Probing the Properties of Zn Complexes for the Cleavage of Phosphate Diesters and the Influence of Non-covalent Assembly

The design of artificial catalysts to hydrolyse phosphate diesters under mild conditions remains extremely challenging. In particular, dissecting and quantifying the interactions that lead to efficient catalysis has yet to be achieved fully to allow the complete understanding of current catalysts. Furthermore, the use of weak, supramolecular interactions to influence and control the activity of these catalysts remains a challenge, despite the central role that these interactions play in natural systems.
This work focuses on catalysing the hydrolysis of DNA- and RNA-like substrates with mono- and dinuclear zinc complexes. Particular attention is given to quantifying the effect of varying structural features on kinetic activity and to study the impact of organic groups that affect the microenvironment and potential assembly of these complexes.
The activity of a series of dinuclear zinc complexes is separated into ground and transition state effects to understand the impact of changing peripheral ligand substituents in cleaving RNA-like substrates. The presence of amino functionalities (NH2 and NHMe) in the vicinity of the metal ions resulted in a 30-fold increase in ground state binding and 40 to 130-fold increase in transition state stabilisation compared to the parent complex. The role of headgroup is explored, and an unexpected sensitivity to reversible inhibition by carbon dioxide discovered.
To introduce aggregation of mononuclear complexes through non-covalent interactions, ligands with hydrophobic anchors were synthesised so that they could be embedded into vesicles.
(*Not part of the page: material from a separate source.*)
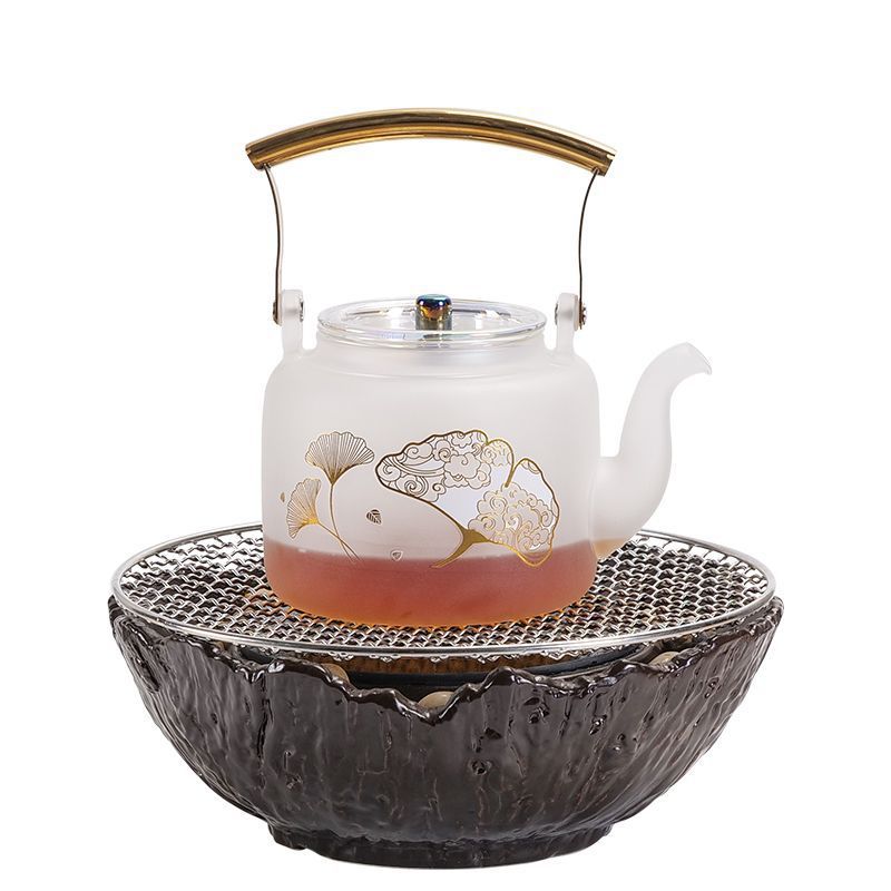 室内の囲炉裏でお茶を煮ます。家庭用の軽くて豪華なスマートな温度制御でバーベキューをします。
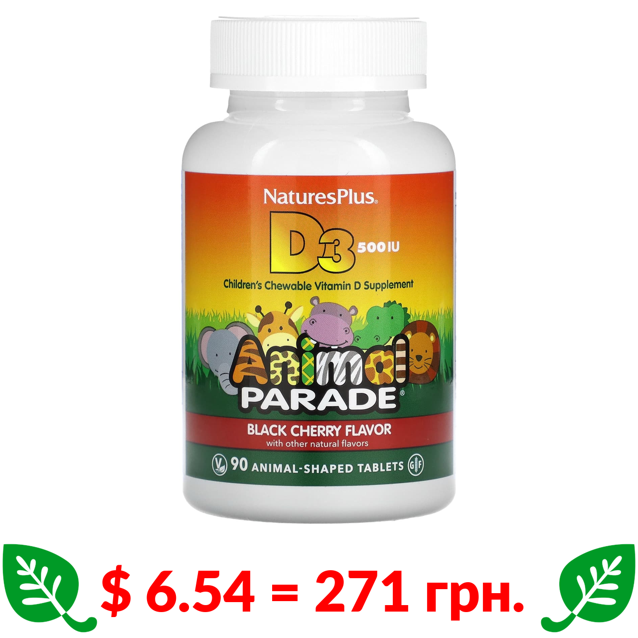 $ 6.54 = 271 грн. ????️ у кошику ????️ Nature’s Plus, Source of Life, Animal Parade, вітамін D3, смак чорної вишні, 500 МО, 90 таблеток у формі тварин

No evidence for an increase in activity through aggregation was observed, but a medium effect in cationic vesicles enhanced the activity of the catalytic centre by more than an order of magnitude (3.6 ± 0.4 M-1 s-1) relative to the reactivity in more polar aqueous environment (0.16 ± 0.01 M-1 s-1).
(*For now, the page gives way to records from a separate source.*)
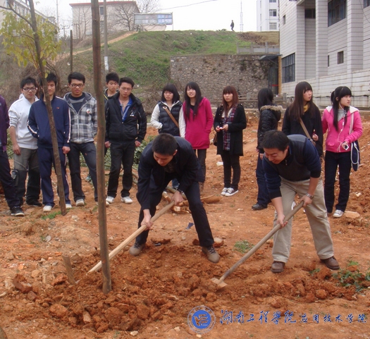 三月是个绿色的季节,充满着活力,也预示着希望。3月17日下午二点四十分,beat365官网团总支、学生会在主校区(北)学海花园举行了首届义务植树活动。植树活动开始前,beat365官网成平副书记发表了简短的讲话。他说:植树是我们每个公民应尽的义务,我们应该珍爱绿色,珍爱我们共有的家园。他要求大力弘扬雷锋精神,讲文明,保护环境从我做起。随后,进行激动人心的签名环节,大家纷纷在横幅上签下自己的姓名,beat365官网首届义务植树活动在艺术楼旁边的空地上正式开始了。成副书记等老师成功地栽下了第一棵树,他们娴熟的动作让在场的同学们连连称赞,他们还细心地指导大家植树。接着,同学们也亲手植下那属于他们的“绿色希望”。整个植树活动现场充满着欢声笑语,大家分工合作,男生挖坑,女生施肥、浇水,……热闹的场面温馨而快乐。一眨眼的功夫,在老师、同学的辛勤劳动下,20棵香樟树便“亭亭玉立”在校园的沃土上。通过此次活动,使大家更加关注绿化,爱护环境,从我做起。让我们共同签下春天的承诺,留住身边的和谐。(记者:黄雄伟;摄影:高晗)
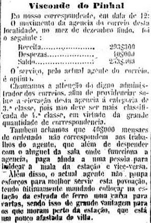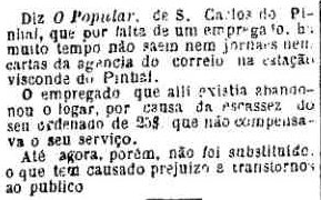 AO LADO: O correio não está funcionano a contento na estação, muito longe da vila (no caso, a vila era São Carlos, pois Visconde de Pinhal ainda não era vila, mas apenas um bairro rural afastado de São Carlos ((O Estado de
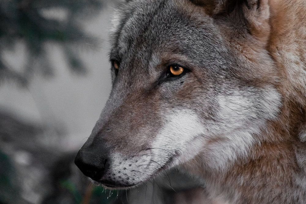 mannelijke zwarte wolfskop close-up, brandende lichtgevende ogen.

More specific structural organisation of the same zinc complex was attempted through the conjugation of peptides that were designed to assemble into dimers, but the observed activity reflected that of the monomeric species. Structural characterisation suggested that although the peptides did form the anticipated secondary structure, intermolecular association did not occur to an appreciable extent.
Finally, the effect of varying the structures of alcohol and oxime nucleophiles covalently incorporated into zinc complexes was explored. The introduction of methyl groups close to the nucleophilic centre led to significant changes in solution properties, but approximately 3-fold lower reactivity towards DNA-like substrates.